通過第三步，我們可以獲得預測框在原圖上的位置，而且這些預測框都是經過篩選的。這些篩選後的框可以直接繪製在圖片上，就可以獲得結果了。

二、訓練部分

1、真實框的處理

從預測部分我們知道，每個特徵層的預測結果，num_priors x 4的卷積 用於預測 該特徵層上 每一個網格點上每一個先驗框的變化情況。

也就是說，我們直接利用Efficientdet網絡預測到的結果，並不是預測框在圖片上的真實位置，需要解碼才能得到真實位置。

而在訓練的時候，我們需要計算loss函數，這個loss函數是相對於Efficientdet網絡的預測結果的。

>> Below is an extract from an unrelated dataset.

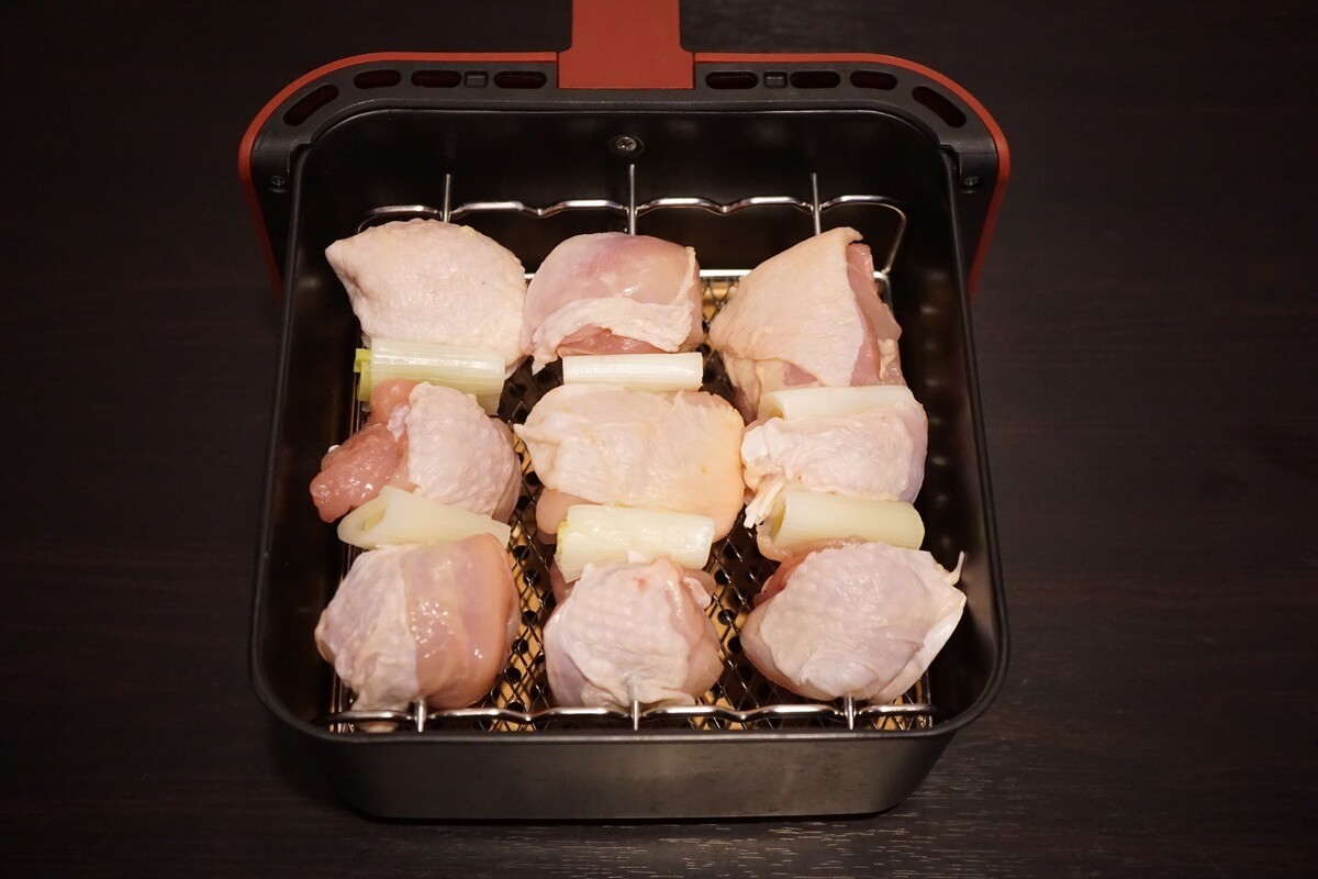 - 予熱が終わったらバスケットを取り出し、焼き鳥を入れます。

我們需要把圖片輸入到當前的Efficientdet網絡中，得到預測結果；同時還需要把真實框的信息，進行編碼，這個編碼是把真實框的位置信息格式轉化爲Efficientdet預測結果的格式信息。

也就是，我們需要找到 每一張用於訓練的圖片的每一個真實框對應的先驗框，並求出如果想要得到這樣一個真實框，我們的預測結果應該是怎麼樣的。

從預測結果獲得真實框的過程被稱作解碼，而從真實框獲得預測結果的過程就是編碼的過程。

因此我們只需要將解碼過程逆過來就是編碼過程了。

編碼過程首先需要找到真實框對應的先驗框，在Efficientdet中採取的辦法是求取真實框和所有先驗框的重合程度IOU，IOU＞0.5以上的則認爲可以利用這些先驗框調整獲得預測框。

而IOU在0.4-0.5之間的，給予忽略。

IOU在0.4以下的作爲負樣本。

實現代碼如下：

def calc_iou(a, b):
    area = (b[:, 2] - b[:, 0]) * (b[:, 3] - b[:, 1])
    iw = torch.min(torch.unsqueeze(a[:, 3], dim=1), b[:, 2]) - torch.max(torch.unsqueeze(a[:, 1], 1), b[:, 0])
    ih = torch.min(torch.unsqueeze(a[:, 2], dim=1), b[:, 3]) - torch.max(torch.unsqueeze(a[:, 0], 1), b[:, 1])
    iw = torch.clamp(iw, min=0)
    ih = torch.clamp(ih, min=0)
    ua = torch.unsqueeze((a[:, 2] - a[:, 0]) * (a[:, 3] - a[:, 1]), dim=1) + area - iw * ih
    ua = torch.clamp(ua, min=1e-8)
    intersection = iw * ih
    IoU = intersection / ua

    return IoU

def get_target(anchor, bbox_annotation, classification):
    IoU = calc_iou(anchor[:, :], bbox_annotation[:, :4])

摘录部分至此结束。